I not sure how much I like the concept of the maintenance function existing with a large update stuffed into it. I don't know if that is really OO, or just trying hard to look like it. I have come to the conclusion that using objects does not necessarily mean your programming is object oriented. In fact, I have seen some very procedural Java code which "uses objects". Regardless, my main concern is just the duplication of code. I touched on additional processing that might need to happen like archiving and such. I don't like to have code in two places that does the same things. To combat that, I have found myself writing procedures capable of handling 1 OR MORE records being inserted or updated. Then the same proc can handle a single update with the same code it handles 10 updates with. MSSQL's XML capabilities can be really handy for passing in a "set" of data in a single call.

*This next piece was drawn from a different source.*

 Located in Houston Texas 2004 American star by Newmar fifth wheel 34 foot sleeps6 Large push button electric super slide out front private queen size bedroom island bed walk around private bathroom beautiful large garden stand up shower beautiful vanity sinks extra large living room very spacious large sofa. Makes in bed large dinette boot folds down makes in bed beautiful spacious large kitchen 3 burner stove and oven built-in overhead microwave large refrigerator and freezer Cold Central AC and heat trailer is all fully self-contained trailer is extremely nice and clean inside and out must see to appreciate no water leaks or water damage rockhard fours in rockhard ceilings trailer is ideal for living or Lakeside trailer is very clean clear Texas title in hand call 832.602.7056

As far as triggers, I don't know if I like them for the most part on a matter of principle. (There are some places to do like to use them-- like audit tables) Maybe I think I've just seen them abused. I've seen a sort of lowest-common-denominator develop in databases where certain large amounts of business logic in a lower tier of your application sort of invites (or requires) other logic to that level. Let's say you E-mail outstanding account payables to accounting every time you cancel the order. Your DBA's first solution might be to place a trigger on the orders table and send the E-mail from there so you can be guaranteed it always happens. Immediately problems arise though. Now you have no immediate way of firing that event from a higher tier in your app based off of other criteria, your trigger does not have access to any other business logic written in a CF or Java layer, and your Database is sending out E-mails. Ewww. (I've also come to the conclusion that "just because you can doesn't always mean you should") The whole mess of logic just sounds like something the business objects should deal with, not the database. I guess I'm a bit of an idealist though.

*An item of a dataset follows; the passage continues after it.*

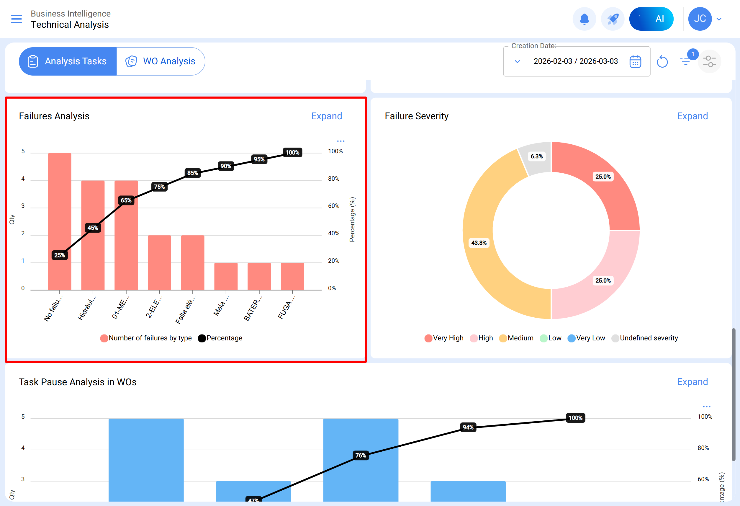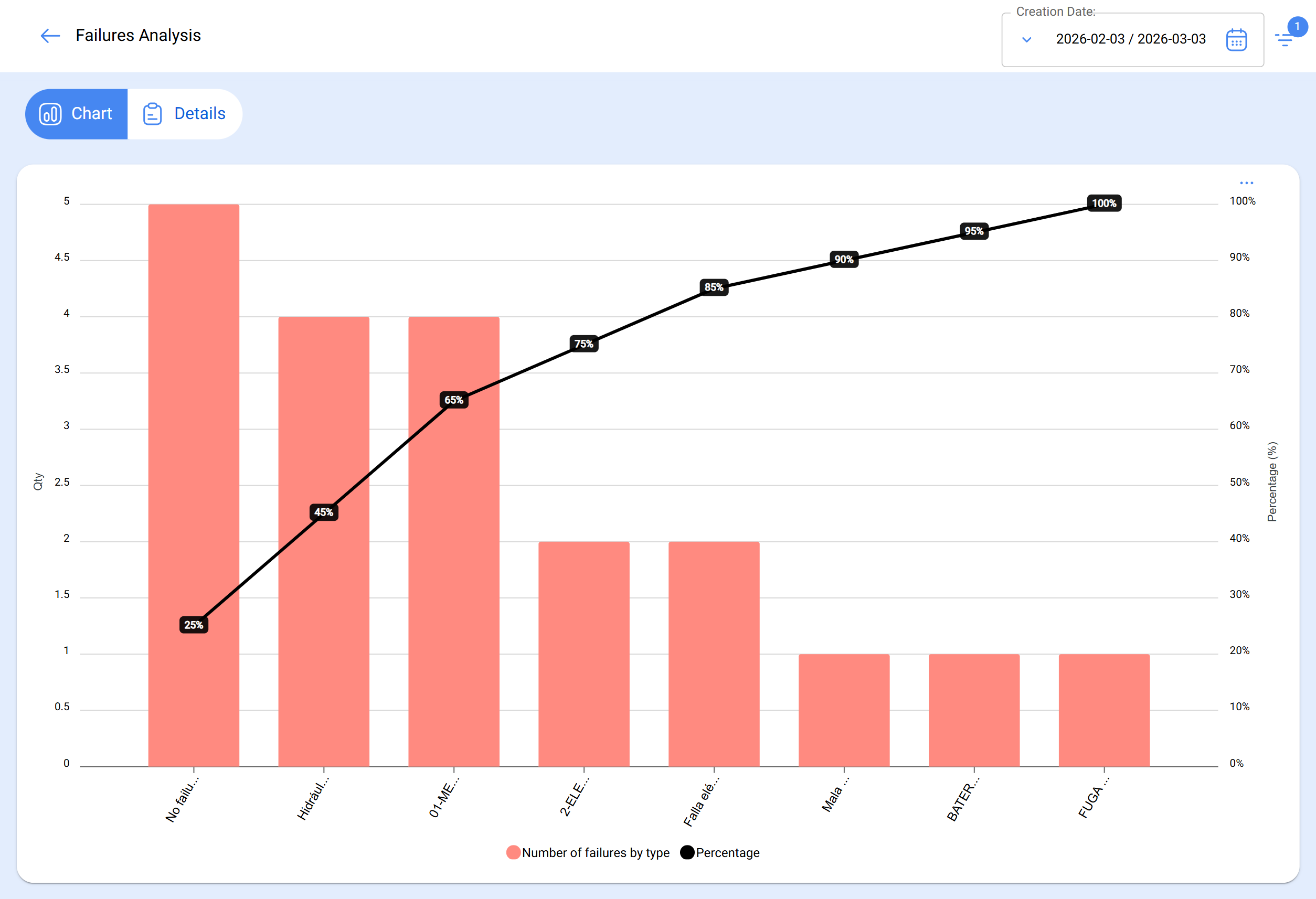 A bar chart that breaks down the main causes associated with each type of reported failure, allowing visual identification of the most frequent causes and their relationship with different types of failures. To view it, click on the bar of the type of failure you want to analyze.

At any rate, I kind of like Dan's idea to have a mechanism that keeps track of the data needing updated and updating it all at once. It could get a little complicated though-- I'll have to mull over it a bit.
I also agree with you Peter that there is always a trade off and you should stick with what makes the most sense in your situation. That's why I like to hash over these scenarios and get ideas so I better armed to code smartly and efficiently. Thanks again guys.
Jeff Moden
>>(Brad Wood said in the article) But your business logic doesn't belong in the database though. No, you deal only with objects.

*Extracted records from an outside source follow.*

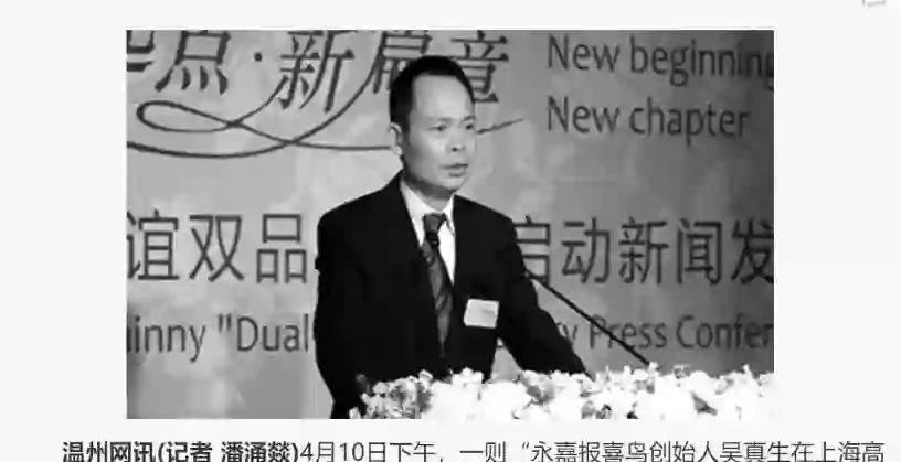 4月10日下午,一则“永嘉报喜鸟创始人吴真生在上海高速去机场的路上发生车祸,不幸遇难”的消息在朋友圈广泛传播,引发不少人的关注。
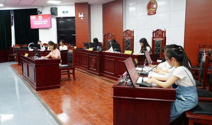 模拟法庭包括法官介绍案件基本情况、法庭调查、法庭辩论等基本环节。本次比赛的案例为据真实案件改编的张某某系因与李天二情感纠葛自杀,张某某父母起诉李天二及其父母一案。参赛同学的角色包括审判长、审判员、原告、被告、原告代理人及被告代理人,另有一位同学作为书记员记录法庭审理过程中的相关情况。
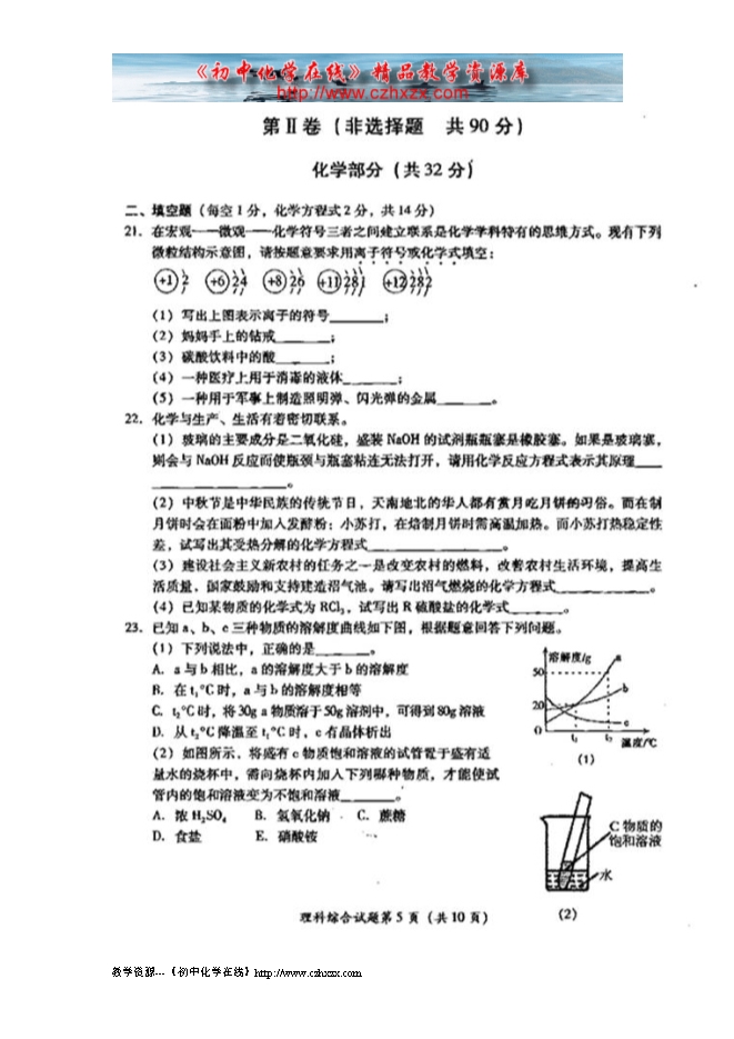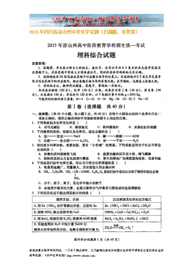 2015年四川省凉山州中考化学试题(扫描版,有答案)
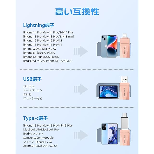 【高い互換性】弊社のUSBメモリはすべてのiOS機種に対応し、タイプCアダプターも付属しておるので、Type-CコネクタのiPhone、iPad、Type-C機種とも互換性があります。対応機種:iPhone 15 Pro Max/15 Pro/15 Plus/15/iPhone 14 Pro Max/14 Pro/14 Plus/14/SE 3/13 Pro Max/13 Pro /13/13 mini /12 Pro Max/12 Pro/12 /SE 2 /11 Pro Max/11 Pro/11 /XR/XS Max/XS /X /8 Plus/8/7 Plus/7/SE 1/6s Plus /6s/6 Plus/6/ iPad Pro(第1/2/3/4/5/6世代)/ iPad Air(第1/2/3/4/5世代)/ MacBook(Pro/Air)/ iPad mini(第1/2/3/4/5世代)/ iPad(第5/6/7/8/9/10世代)/ PC /ノートパソコン/ Type-C機種などと互換性があります。
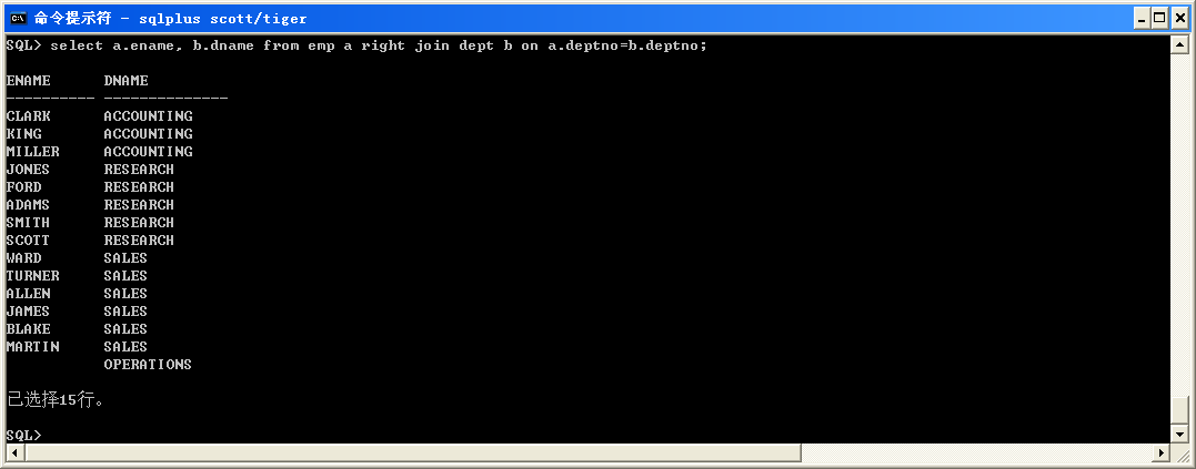 select a.ename, b.dname from emp a right outer join dept b on a.deptno=b.deptno;
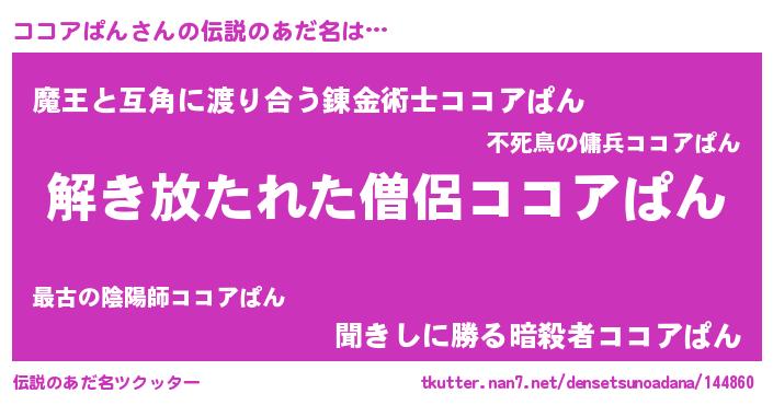 | 意味不明あだ名 | 『自称ココアぱん』 |
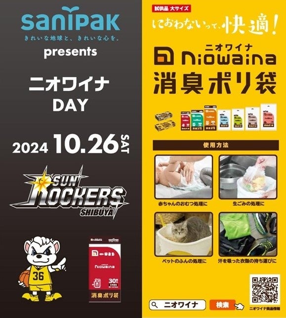 サンロッカーズ渋谷は、2024年10月26日(土)の2024₋25シーズン 第5節 京都ハンナリーズ戦について、日本サニパック株式会社ご協力のもと、協賛試合を開催することをお知らせいたします。

That's a very common misconception. Business logic is the nebulous layer of code that straddles both the Presentation Layer and the Data Layer. Think of "constraints" on a table to ensure NULL values aren't entered or Foreign Keys that guarantee that some other item already exists prior to entry of a new item somewhere. Patently, that's business logic in the Data Layer.
A requirement to completely fill out one screen before proceeding to the next screen is a business requirement enforced by the Presentation Layer.
There is no limit on where Business Logic should actually live. You have to put the Business Logic where it will be most effective.
>>(Dan Wilson said) Perhaps the question is less about OOP vs RBAR and more about designing the right object.
Precisely and well said. Lot's of people forget that there are two types of work that may need to be kicked-off by the Presentation Layer... things that are necessarily "Record" oriented and things that are "Column" or "Set" oriented. If it's "Set" oriented, then there should be an "object" to handle the work on the "Set" and that “object†should be call to a stored procedure.